Before modelling, we should take a look to see if there could be collinearities in the predictors.
Finally, how about modelling let’s first run a regression with many variables and then store the results
. regress gp100m weight displacement gear_ratio foreign
Source | SS df MS Number of obs = 74
-------------+---------------------------------- F(4, 69) = 56.84
Model | 91.7374232 4 22.9343558 Prob > F = 0.0000
Residual | 27.8388375 69 .403461414 R-squared = 0.7672
-------------+---------------------------------- Adj R-squared = 0.7537
Total | 119.576261 73 1.63803097 Root MSE = .63519
------------------------------------------------------------------------------
gp100m | Coef. Std. Err. t P>|t| [95% Conf. Interval]
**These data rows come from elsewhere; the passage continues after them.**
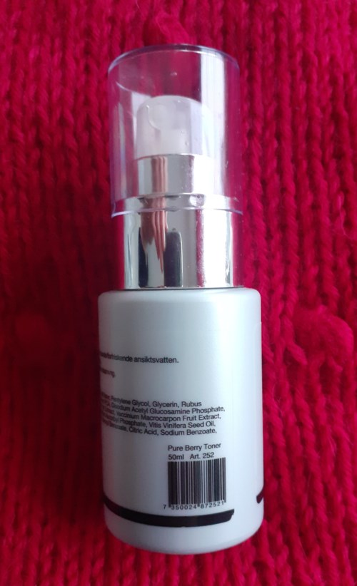 Ett uppfräschande och återfuktande ansiktsvatten som ger huden ett optimalt skydd mot fria radikaler. Pure Berry Toner är fylld med naturliga och välgörande vitaminer från hallon, vindruvor och granatäpple som effektivt förebygger förtida hudåldrande. Fina torrhetslinjer och ojämn hud-ton motverkas aktivt av bland annat Glucosamin, Tripeptider och Vitamin C. Aloe vera, Allantoin och Sodium PCA verkar svalkande, återfuktande och lugnande.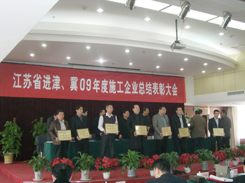 三月二十七日,江蘇省建設廳、江蘇省建筑工程管理局駐津辦在天津隆重召開了進津、冀09年施工企業總結表彰大會,出席大會的主要領導有江蘇省建設廳副廳長徐學軍、天津市建筑業協會郭俊杰會長、天津市建交委趙敏處長、質安總隊總長翟家常、施管站周國慶站長、江蘇省建設廳駐津辦主任鄧福林等。大會對2009年度江蘇省進津、冀建筑施工先進企業、優秀項目部、優秀建造師和施工管理先進工作者進行了表彰和頒獎,天津、石家莊分公司雙雙被授予“2009年度江蘇進津、冀施工管理先進企業”,這也是兩分公司連續三年獲此榮譽。 此外,天津君臨大廈項目部、唐山金港國際怡園小區項目部、石家莊水岸美景小區項目部被授予優秀項目部,陳正進、張維琪、生加旺、朱玉平4位同志被評為優秀項目經理,陳元國、江慶華、馬和平等13位同志被評為施工管理先進工作者。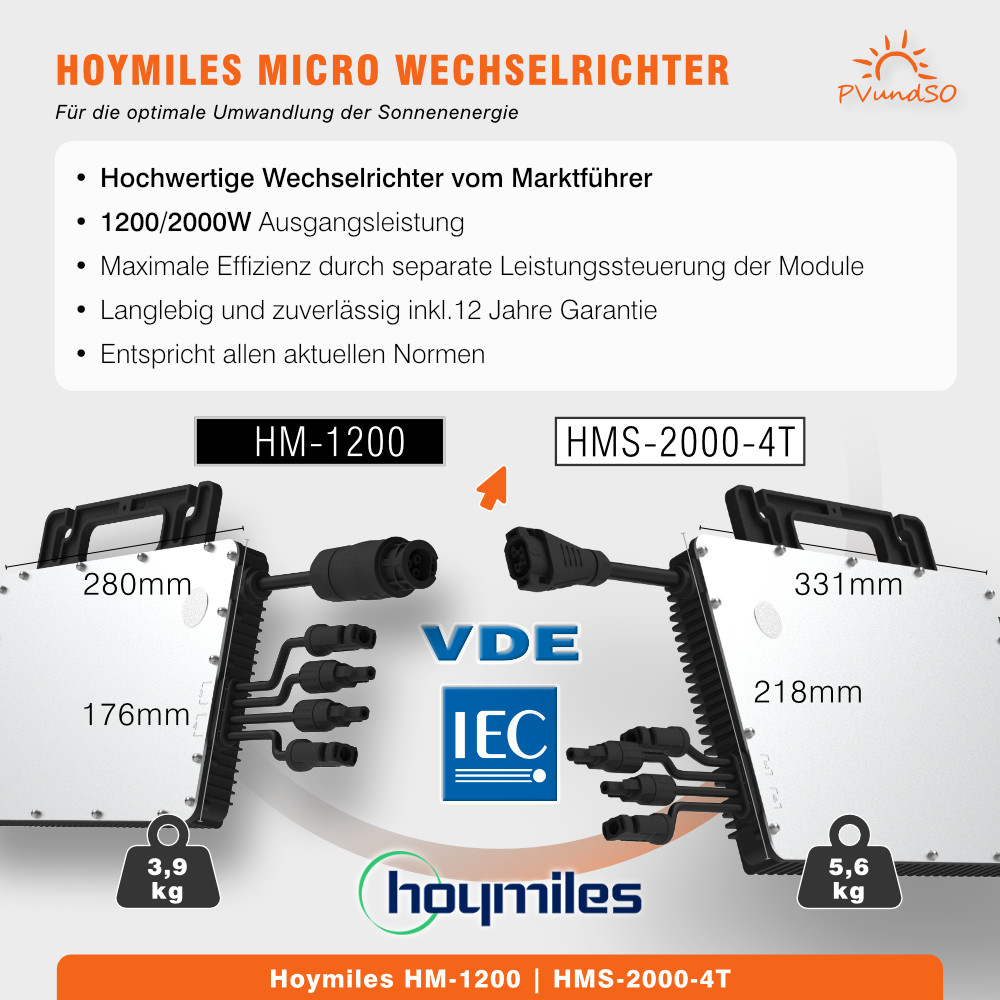 Für Ihr Balkonkraftwerk MAXI können Sie zwischen zwei hochwertigen Mikrowechselrichtern von Hoymiles wählen – dem bewährten HM-1200 oder dem HMS-2000-4T der neuesten Generation. Beide Wechselrichter überzeugen durch hohe Qualität, sind nach IP67 wettergeschützt für den jahrelangen Außeneinsatz und können über eine optionale DTU per WLAN überwacht werden.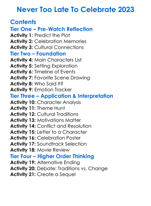 Never Too Late To Celebrate 2023 Worksheet Activity Booklet

-------------+----------------------------------------------------------------
weight | .0014428 .000216 6.68 0.000 .0010118 .0018737
displacement | .0012388 .0021161 0.59 0.560 -.0029828 .0054603
gear_ratio | -.2037991 .3258603 -0.63 0.534 -.8538726 .4462744
foreign | .733736 .2301493 3.19 0.002 .2746007 1.192871
_cons | .8147969 1.239181 0.66 0.513 -1.657301 3.286895
------------------------------------------------------------------------------
We can see that, as expected, heavier cars take more energy to move. Perhaps unexpectedly, non-US cars use more gas at the same weight. It appears that we can throw out both displacement
and gear_ratio
as predictors and fit a simpler model.
. regress gp100m weight foreign
Source | SS df MS Number of obs = 74
-------------+---------------------------------- F(2, 71) = 113.97
Model | 91.1761694 2 45.5880847 Prob > F = 0.0000
Residual | 28.4000913 71 .400001287 R-squared = 0.7625
-------------+---------------------------------- Adj R-squared = 0.7558
Total | 119.576261 73 1.63803097 Root MSE = .63246
------------------------------------------------------------------------------
gp100m | Coef. Std. Err. t P>|t| [95% Conf. Interval]
-------------+----------------------------------------------------------------
weight | .0016254 .0001183 13.74 0.000 .0013896 .0018612
foreign | .6220535 .1997381 3.11 0.003 .2237871 1.02032
_cons | -.0734839 .4019932 -0.18 0.855 -.8750354 .7280677
------------------------------------------------------------------------------
We can put these coefficients in a table
--------------------------------------------
(1) (2)
gp100m gp100m
--------------------------------------------
weight 0.00144*** 0.00163***
(6.68) (13.74)
displacement 0.00124
(0.59)
gear_ratio -0.204
(-0.63)
foreign 0.734** 0.622**
(3.19) (3.11)
_cons 0.815 -0.0735
(0.66) (-0.18)
--------------------------------------------
N 74 74
--------------------------------------------
t statistics in parentheses
* p<0.05, ** p<0.01, *** p<0.001
From the simple model, cars from 40 years ago used 0.163 gallons per mile per extra 100 pounds, on average. Also, non-US cars use about 0.622 more gallons per mile, on average, all other things being equal.